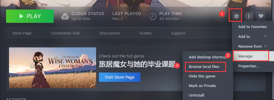 1. On the library page of the game, click [Manage] -> [Browse Local Files].
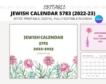 Jewish Calendar Print Out 5783 (2022 2023) Etsy UK
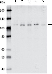 Figure 1: Western blot analysis using EhpB1 mouse mAb against MDA-MB-468 (1), MDA-MB-453 (2), MCF-7 (3), T47D (4) and SKBR-3 (5) cell lysate.
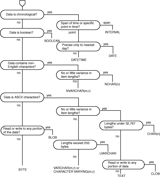 The following figure shows a decision tree that summarizes the choices among built-in data types. The choices are explained in the following sections.

> **WHAT IS BEING ASKED**: The line with "Figure 1: Western" and each line after it, through the final line of the data, are to be duplicated exactly, with pictures left out and nothing more included.

> **EXPECTED ANSWER**:
 Figure 1: Western blot analysis using EhpB1 mouse mAb against MDA-MB-468 (1), MDA-MB-453 (2), MCF-7 (3), T47D (4) and SKBR-3 (5) cell lysate.
 The following figure shows a decision tree that summarizes the choices among built-in data types. The choices are explained in the following sections.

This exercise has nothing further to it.